The next day, Day 2 got really interesting. Long story short: a series of criss crossing jeep trails, convoluted documentation of the road systems on our map, poorly marked trail, and less than clear advice the night before found us hoofing it off trail to Lake Morena County park. The distance and changes in elevation were about what we would have expected had we been on trail, but the frustration lead to less than ideal morale. It is amazing how ones mental challenges can be compounded in the body. When we finally made it to the campground we were delighted to find hot showers and soft grass to pitch our tent. We also indulged in a sweet, cold, ice cream treat at the local market where we had the priveledge of meeting "Hiker Bill". "Hiker Bill" had the distinct aroma of heavy drinking, but nonetheless had plenty of helpful info to share with us about the trail ahead. He is a seasoned PCT officionado and has logged over 7,000 miles.

Day 3 ended up being drastically more leisurely. We logged just under 6 miles and decided to stay put at our afternoon rest stop at Boulder Oaks Campground. The campground was technically closed, but we stayed anyway. Carrie and Lyle, a couple we had crossed paths with a few times before, were passing our camp and stopped to talk for awhile. They were doing a section hike from Campo to Mt. Laguna. We also encountered an unidentifiable motorcylcist and a group of kids running through the camp (apparently we were not far from the local highschool). I think the biker may have caused a little nightimeapprehension because Pam woke up thinking she heard people outside our tent. I crawled out of the tent with flashlight in one hand and pistol in pocket just to be sure and luckily it was just some ordinary nocturnal critters making a statement about their territory being borrowed.

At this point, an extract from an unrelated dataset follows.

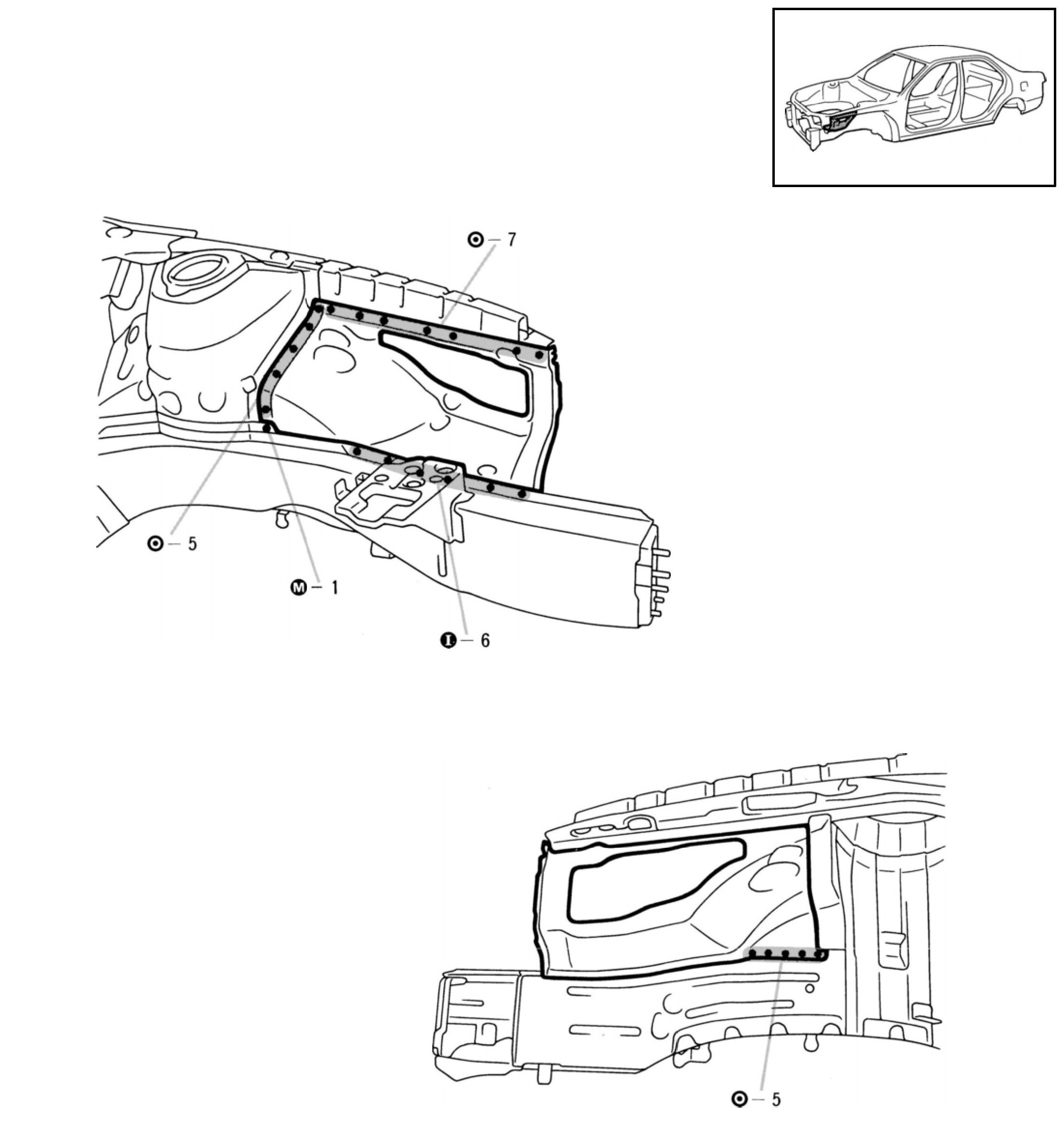 Temporarily install the new parts and measure each part in accordance with the body dimension diagram.

Days 4 through 7 included an 18 mile day, an overnight and resupply pickup at Laguna Mountain Lodge, a peaceful camp at Pioneer Mail trailhead, a windy night in Upper Chariot Canyon, a mean eastward up and down skirting of the Anza Borego desert, and finally ending up at the bone dry San Felipe Creek.

It was enroute to our planned destination of San Felipe Creek or possibly even 5 or so miles beyond, that Pam came down with a bad case of painful blisters. This, coupled with no water sources for the next 23 miles of trail beyond San Felipe prompted us to make the call to take advantage of the nearby Hwy 78 and county road S2 to hitchhike to Warner Springs where our next resupply was awaiting us. We plan to finish the missed 30 miles later on.

Poor Pam was miserable. As we walked to the junction of S2, we devised our hitching strategy. We would not ride with 2 men (sorry guys to be sexist), I would sit in the back seat with my fanny pack on (if you know what I mean) just in case, etc. Etc. We ended up getting a ride from a very kind state employee that I promised not to rat out. She did make it an official pickup by calling dispatch to let them know she was "transporting 2 PCT hikers to Warner Springs to receive medical attention". Many thanks to her.

Needless to say, we ended up holing up at the Warner Springs Ranch Resort. A funky yet expansive hot spring resort with a foot-healing-hot-spring-fed sulfury pool. Therefore today, Day 8 was spent soaking, exploring the grounds and learning to use my phone.

The trail can indeed seem a little "mean spirited" as some of the books said it would, the poor feet have taken a real beating (blisters are popping up in places I have NEVER seen them before), and surprisingly our appetites have been nonexistant (we have had to force ourselves to choke down our meals to keep our energy up and I still lost 5 lbs already), but all in all each day has been full of adventure, introspection and achievement. Also on the plus side, the weather has been relatively mild, most of the water sources have been more than reliable, the desert blooms have been breathtaking, and the folks along the way have been eager and supportive of us.